Doğal felaketler insanoğlu ve insankızı olmadan da vardı. Bazı coğrafyalar bu felaketleri milyonlarca yıldır yaşıyor, daha milyonlarca yıl yaşayacak. Ekonomik gelişmişlik düzeyi yüksek olan toplumlar, gelir seviyesindeki güçten kaynaklı karşılaştığı doğal felaketleri insan kıyımına dönüşmeden aşabiliyor. Demokratik değerlerden denetlenebilirlik ve hesap verebilirlik ise adaletle birlikte olan toplumlarda doğal felaketleri yaşamalarına karşı, sorunlarını katliama dönüştürmeden çözebiliyor. Bu iki önemli konu, gelir düzeyi ve adalet yüzyılımızda doğal felaketlerin tek reçetesi gibi duruyor. Kısaca kanıtlayalım. Ekonomik gelir düzeyi iyi olan ülke çürük bina yapmaz, her malzemesini tam tamına kullanır, adaletin olduğu toplum yapılan binaları denetler, korkar bir şeyi gözden kaçırırsa yargılanır veya mühendislik hatası varsa yapıların yıktırılacağını bilir.  Bunun için her şeyi kuralına göre yapar.

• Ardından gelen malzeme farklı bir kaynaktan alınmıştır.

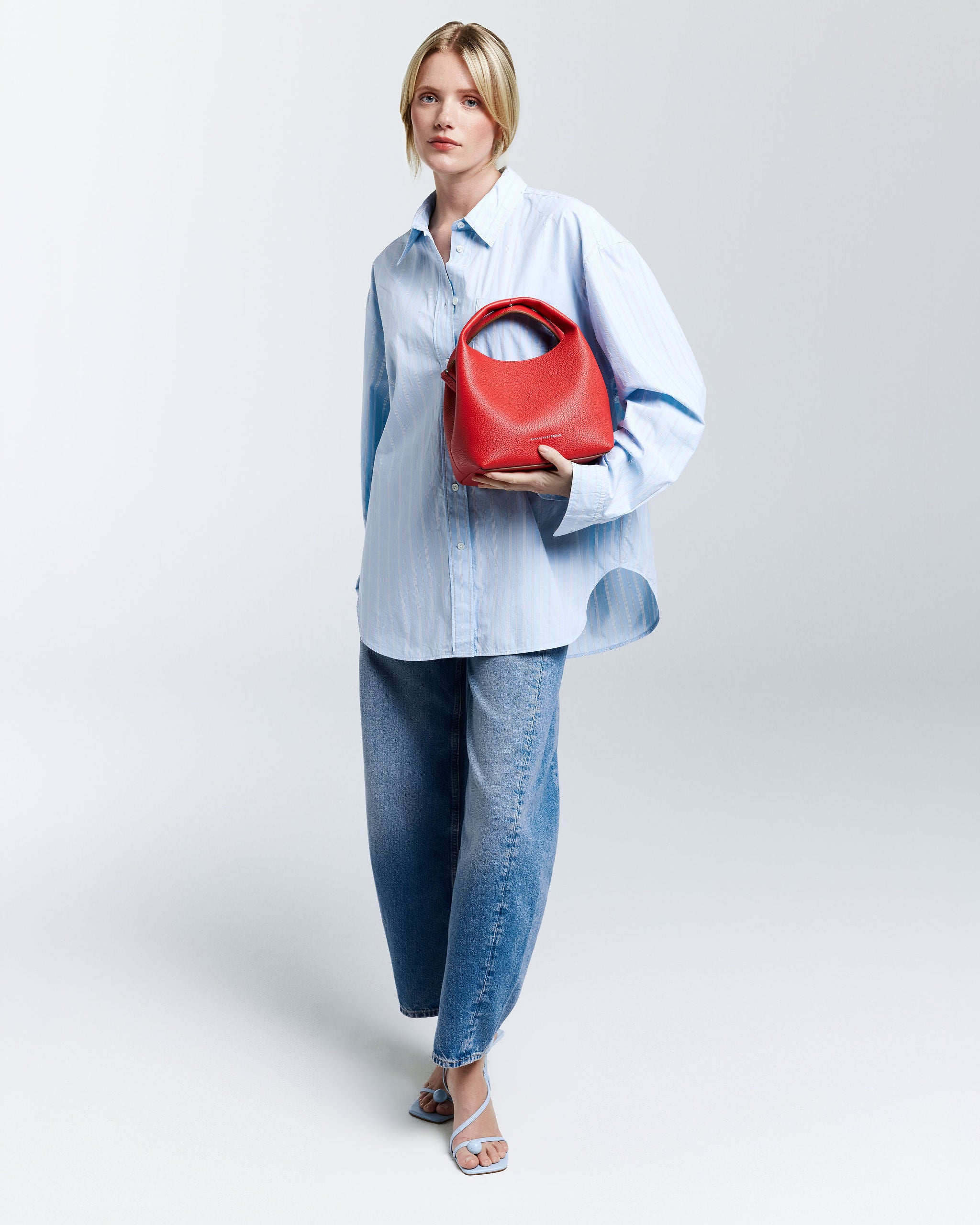 De zilverkleurige details zorgen voor een verfijnd contrast met de kleur van het leer en voering, terwijl het compacte formaat je essentials stijlvol bij elkaar houdt. Draag haar aan het handvat voor een classy uitstraling, of crossbody voor een effortless cool vibe.

Hayal edin biz böyle bir ülke olsaydık 6 şubat bizim için can pazarı olur muydu? Hayal edin biz böyle bir ülke olsaydık şehirlerimiz yok olur muydu? Gelelim 6 şubatta Malatyamızda yaşananlara ve sonrasında bir yıl içinde verilen sözlere ve yapılanlara. 

Yıkılan bina 6.643, ağır hasarlı bina 35.907, daha fazla rakamsal bir değer yazmak istemiyorum. İstemiyorum çünkü bu değerler birer rakam değil bizim için. Bu binaların hepsinin içinde birer hayat vardı, insanlar vardı. İstatistik bilimi sayılarla uğraşsın ama felaketlerdeki rakamlar insana dairdir. Yaşanmışlığın ters yüz oluşu veya sonlanışıdır. Bunu bizim ülkede hissetmek zor mu acaba.

Siyaset bir yönetme sanatıdır. Bunu yaparken sözcükler kullanılır. Eğer bir toplamda yönetenler "inşallah böyle bir felaketi bir daha yaşamayız..." diye cümlelerle başlıyorsa konuşmaya, biliniz ki bunu söyleyenler, böyle felaketlerin bir daha bir daha yaşanacağı bilerek konuşuyordur. İşte o ülkede ekonomik gelir seviyesi eşitsizdir, o ülkede adalet sorunludur, o ülkede denetleme ve hesap verebilirlik yoktur.

Bir şehirde eczaneler,nüfus yoğunluğuna göre ruhsat alırlar. Malatya'da 30 eczane yıkılmış, 60 eczane ağır hasarlı, 48 eczane konteynerda hizmet veriyor, 30 eczane başka illere nakil olmuş. Bu durum bir şehir ile ilgili size ne hissettirir? Elektrikler kesiliyor, faturalar cabası, iş yok,kamulaştırma, rezerv alanları sorunlu,yerinde dönüşümler davalık, endişe çok... Böyle bir şehir ne düşündürür size? Hadi çarşıya gidip alışveriş yapalım diyeceksiniz ama çarşı yok. Her taraf soğuk boşluk halinde nükleer bomba patlamasını andıran biçimde grimsi bir hal. Ne hissedersiniz?

Çocukluğumuzun geçtiği sokaklar yok, bildiğiniz büyüdüğümüz şehirde kayboluyorsunuz, burası da neresiydi? Diye zihninizi yorup bir imge arıyorsunuz, ha işte küçük bir parçadan, evet ya burasıydı diyorsunuz. Böyle bir durum size ne hissettirir?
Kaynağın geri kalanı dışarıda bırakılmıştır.